I was looking at facebook the other day and found a guy that I went to high school with. He made fun of me quite a bit (many years ago). Now, he's professing to be a born-again Christian, but he has a "joke" picture on his wall of a drunk guy dancing with a fat girl and his friends looking like they want to throw up. I can't remember the caption - but, I remember thinking, some people just never change.

Melissa said...

Sigh.

Anonymous said...

Late arrival: Sirota's article is an embarrassment surely, but doesn't he sorta almost arrive at a real criticism of some fat men: that they don't just benefit from the uneven expectations that shape the way we view male and female bodies, but that they can and do revel in this disparity? Just last week I hired a new secretary - slim, nice legs, fresh out of college. She just happened to be the most qualified candidate for the job. I almost hired a haggardly obese forty-something lady, but she just seemed somehow under-qualified. I won't say "lazy" because I'm no grade A piece of ass either. But she just seemed to lack spirit. Plus, who are we kidding? My wife is a blessed soul, but it's nice to have something a little easier on the eyes to look at weekdays.

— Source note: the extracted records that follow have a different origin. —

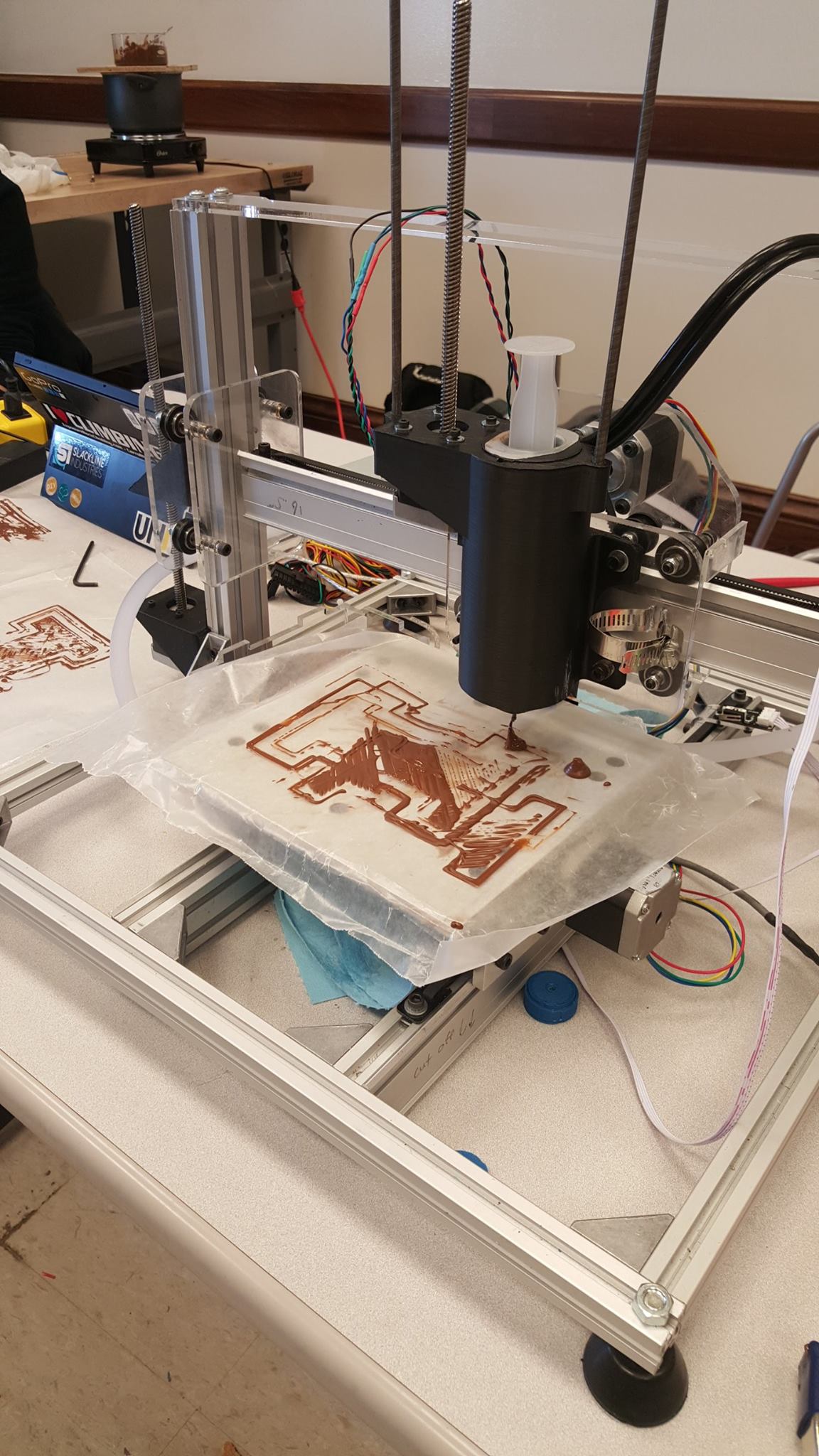 We chose to use the Arduino Mega with the ATmega1280 and the RepRap Arduino Mega Pololu Shield (RAMPS) since it had all the desired I/O and a large support community built around it. The printer included 4 stepper motors, one for each axis and one for the extruder. The gantry system was inspired by the RepRap open source 3D printing system. Marlin firmware was used and optimized for chocolate printing and use with our pulley system. The aluminum build plate had bent copper tubing installed under it to reduce temperature gradients when cycling a refrigerant. We were able to achieve a successful 1st layer but had insufficient cooling for building a structure. As I was graduating, a new cooling system was being outfitted with thermoelectric cooling modules (Peltier modules) and other chocolates were being researched for more suitable thermal properties. Additionally, a better insulated syringe design was in the works with talks of including a heating element in the on-board chocolate reservoir.
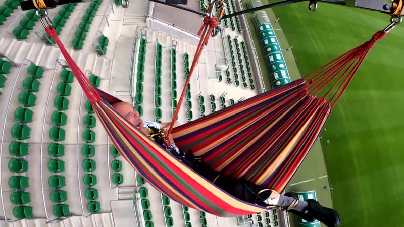 Po przybyciu na Stadion Śląska Wrocław i krótkim poznaniu z ekipą Dream Jump, od razu zauważyłem pozytywną energię bijącą od tych młodych ludzi przepełnionych pasją do tego co robią. Omówiliśmy wszystkie szczegóły dotyczące Swing Jump-u i bez większych problemów umieszczono mnie w hamaku. Wznoszenie na docelową wysokość 37 metrów przebiegało spokojnie ze wzrostem adrenaliny adekwatnie do bliskości dachu stadionu.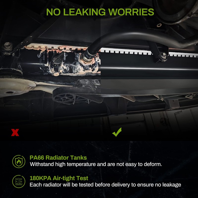 - LEAKPROOF MATERIAL: All products are subjected to leak tests, as the high-grade plastic tank & aluminum core are used in our radiators, which help ensure radiators' longevity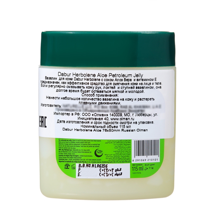 Вазелин косметический Dabur Herbolene с соком алоэ вера и витамином Е предназначен для использования как эффективное средство смягчения кожи лица и тела. При регулярном использовании кожа рук, ступней и тела будет долгое время оставаться мягкой и молодой.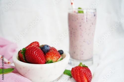 Homemade Strawberry blueberry Smoothie in a tall glass, selective focus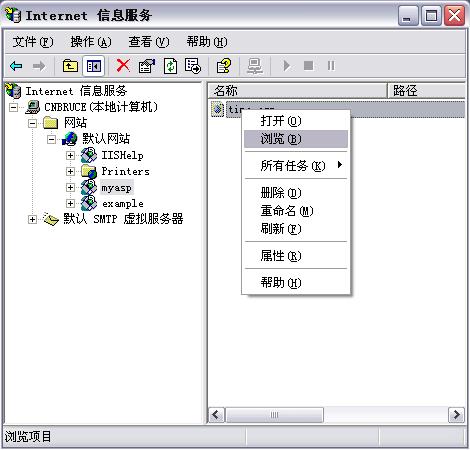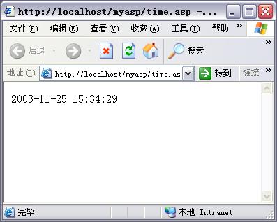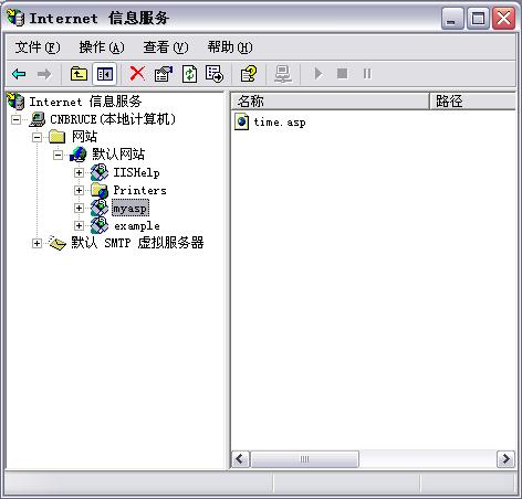 大体上就是让我刚才的myasp文件夹用一个代号来标记,比如就标记为myasp,那我调试的时候只要输入:http://localhost/myasp/time.asp 就可以调试了。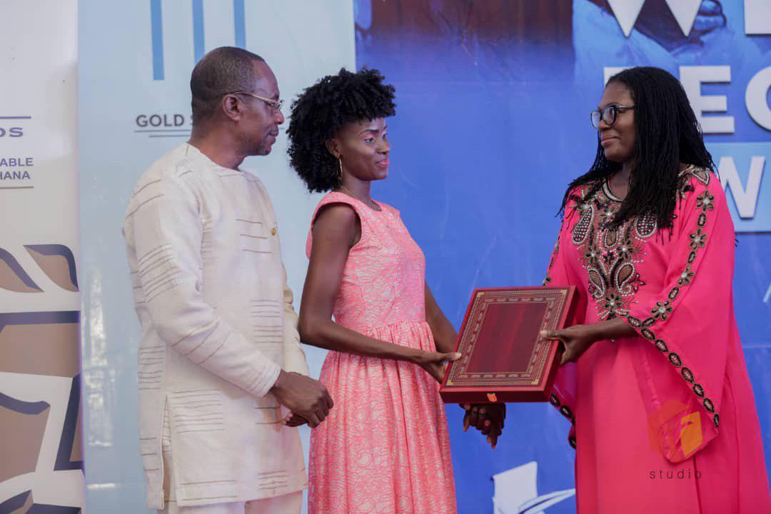 PHOTO: Benedicta Esi Brew Monney receiving her award as the Best Female Journalist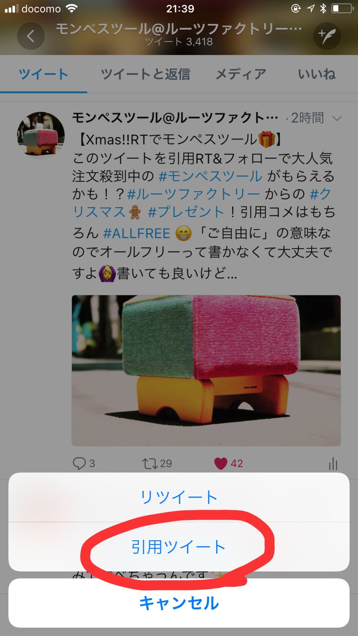 このツイートを引用RT&フォローで大人気注文殺到中の #モンペスツール がもらえるかも!?#ルーツファクトリー からの #クリスマス #プレゼント!引用コメはもちろん #ALLFREE 😁「ご自由に」の意味なのでオールフリーって書かなくて大丈夫ですよ🙆書いても良いけど… pic.twitter.com/I9fC3opYgw— モンペスツール@ルーツファクトリー東京 (@monpestool) 2017年12月23日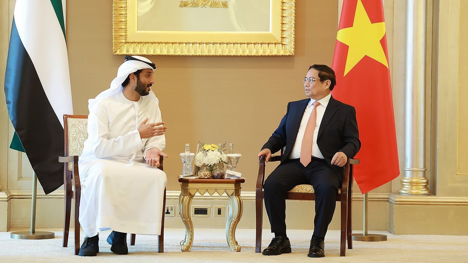 Thủ tướng Phạm Minh Chính và Tổng thống UAE Sheikh Mohamed bin Zayed Al Nahyan nhất trí 6 trọng tâm ưu tiên hợp tác, gồm khẩn trương xây dựng các chương trình hành động triển khai ngay khuôn khổ quan hệ Đối tác Toàn diện; thúc đẩy hợp tác về đổi mới sáng tạo, chuyển đổi xanh, chuyển đổi số, kinh tế tuần hoàn; tạo đột phá trong hợp tác kinh tế, thương mại, đầu tư song phương; hợp tác phát triển ngành Halal và mở cửa thị trường cho các sản phẩm Halal Việt Nam; tăng cường hợp tác lao động, văn hóa, du lịch, thể thao, giao lưu nhân dân và phối hợp chặt chẽ, tham vấn và ủng hộ lẫn nhau trong các vấn đề khu vực và thế giới tại các diễn đàn đa phương.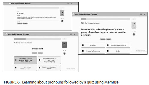 Figure 6 shows one category of learning English using the Memrise application. There are around 380 different categories that students need to encounter in order to grasp English grammar and language more fully. The screenshots illustrate students engaging with the section titled English Grammar - Pronouns, where they completed quiz questions aimed at enhancing memory retention and learning efficiency.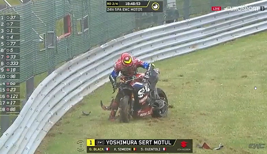 😰They are crashing one by one as the track is wet. The #1 and the #5 lost the grip while they were attacking hard to catch up. #FIMEWC #24hSPAMotos pic.twitter.com/NaVzgk6OMq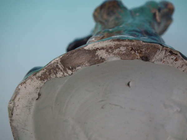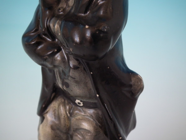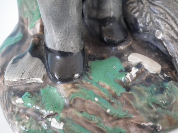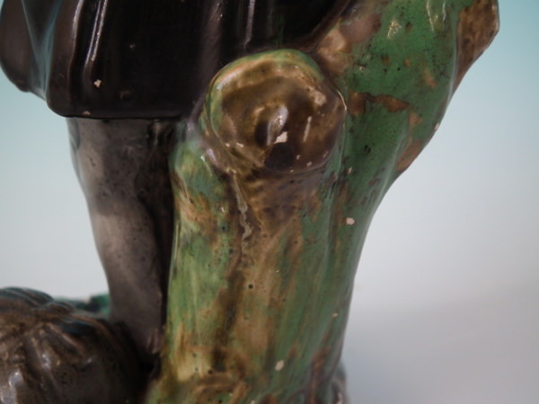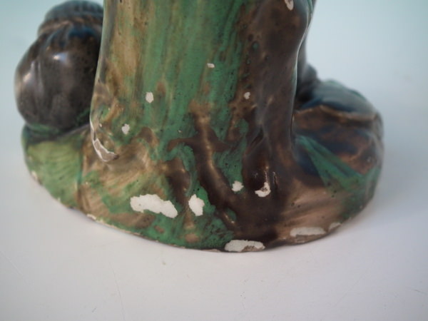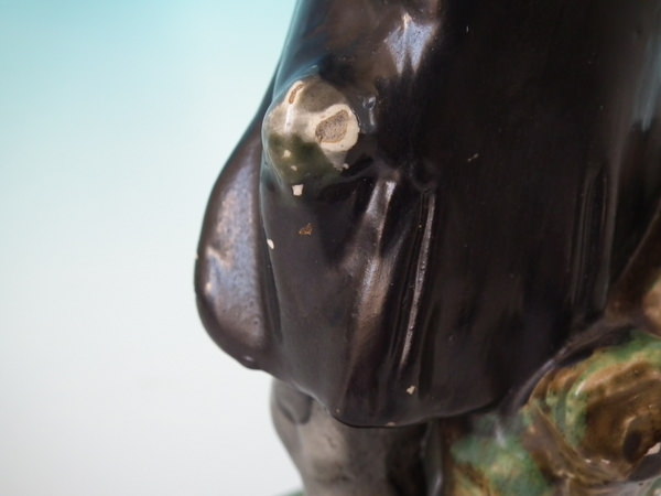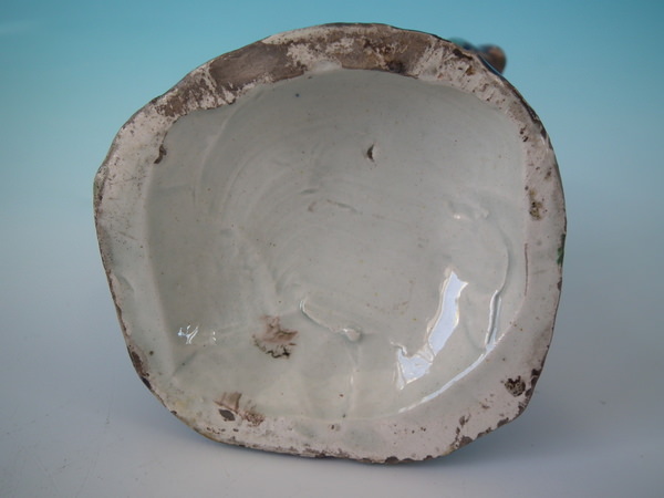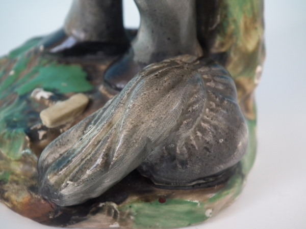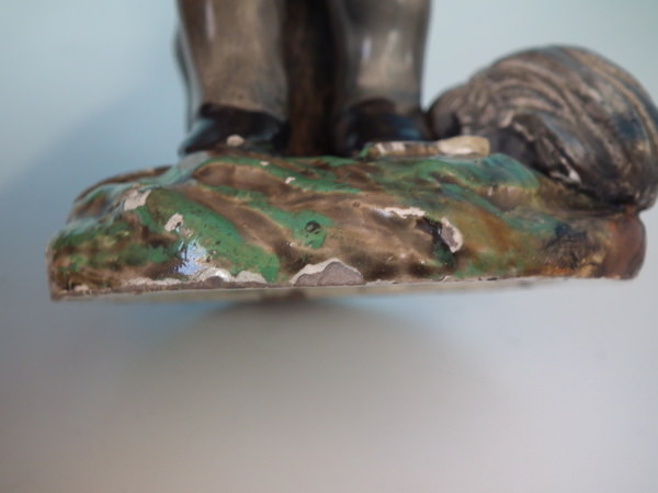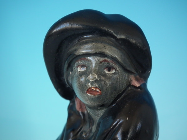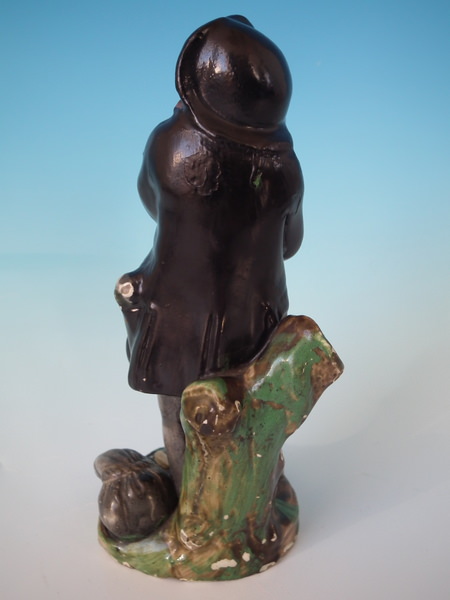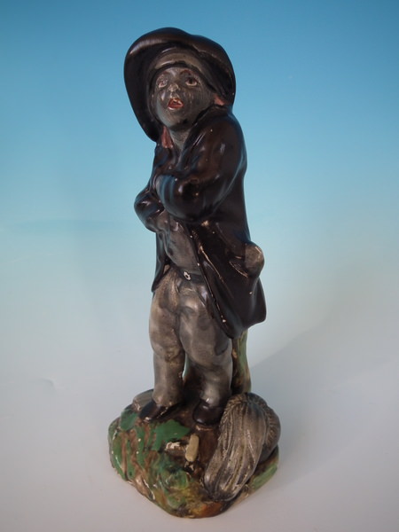 pre-Victorian, circa 1820. 7.1ins high, 3ins wide, 3.5ins depth. Staffordshire pearlware figure with a occupational theme which features a young chimney sweep, stood on a shaped base. Multi-coloured version. Decorated 'in the round' - decoration to front and reverse.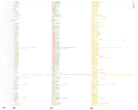 Additionally, it was revealed that WAK genes were composed of more exons based on the predicted gene structure (Figure 2d). GFF annotation results indicated that the relative number of exons varied from 3 to 36 in these WAKs. In addition, 56 WAKs contain introns. These 56 genes are widely present in all groups. The majority of family members contain between 3 and 10 exons, while BoWAK24 consists of 36 exons and CsaWAK3 consists of 25 exons. Most members of the same subfamily tend to be more similar in terms of the structure of their exons and introns as well as their intron phase distribution. As a result, the validity of classifications based on the phylogenetic analysis can be further supported.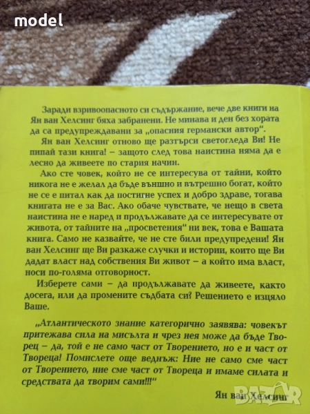 Ако сте човек, който не се интересува от тайни, който никога не е желал да бъде външно и вътрешно богат, който не се е питал как да постигне успех и добро здраве, тогава книгата не е за Вас. Ако обаче чувствате, че нещо в света наистина не е наред и продължавате да се интересувате от живота, от тайните на "просветения" ни век, това е Вашата книга. Само не казвайте, че не сте били предупредени! Ян ван Хелсинг ще Ви разкаже случки и истории, които ще Ви дадат власт над собствения Ви живот - а който има власт, носи по-голяма отговорност.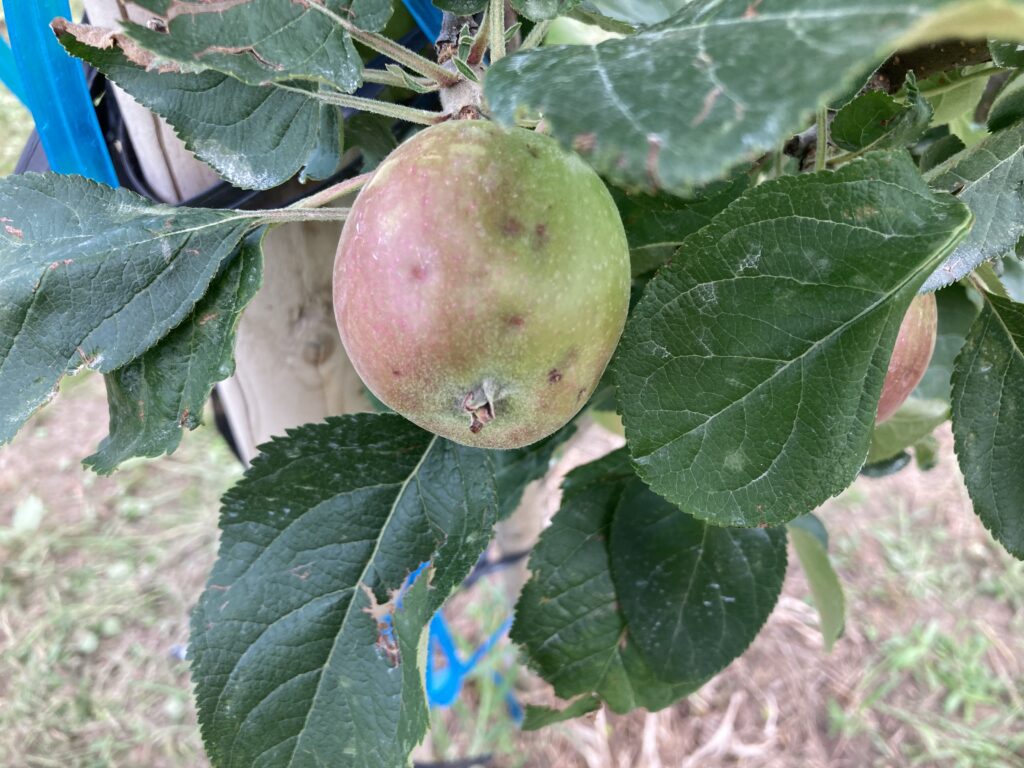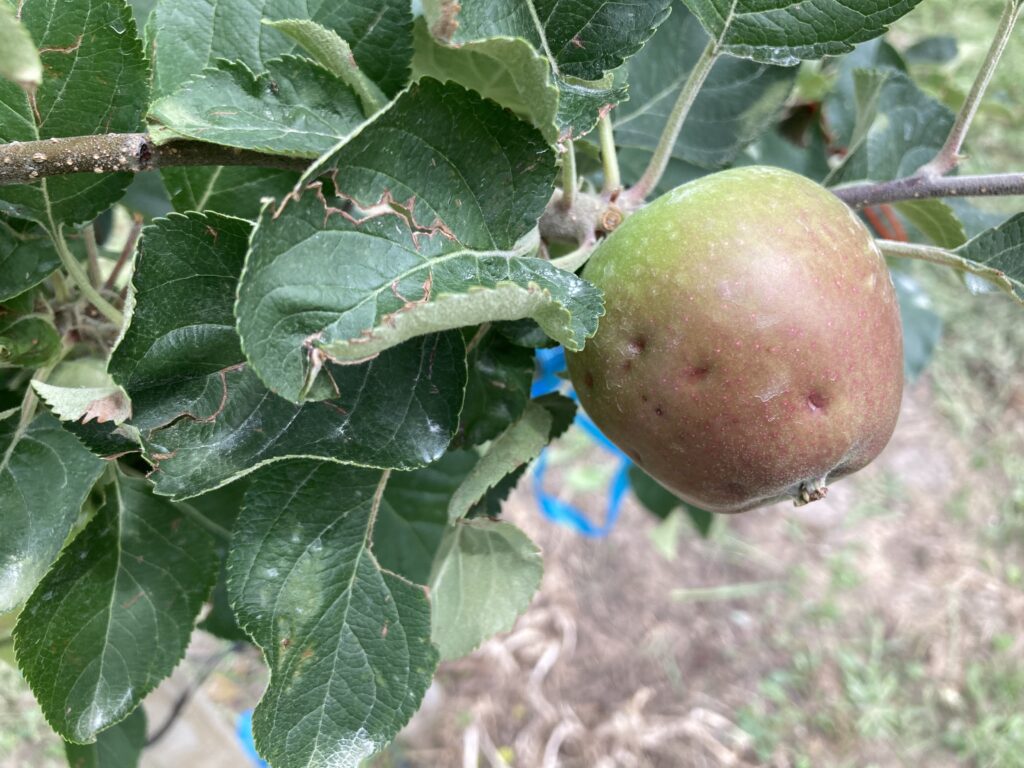 6月3日突然、雹(ひょう)が成長途中のりんごの幼果実に降り注ぎ、表面がデコボコに傷

People won't look at fat women differently until they learn to look at women differently. Fat acceptance and feminism are bi-sexual life partners.

Brian said...

Fat men DO experience privilege. I don't think Sirota is making any grand discovery there. His point, though, isn't that your poor treatment of fat women is wrong. Just that you should be treated as poorly. He's not really challenging privilege at all.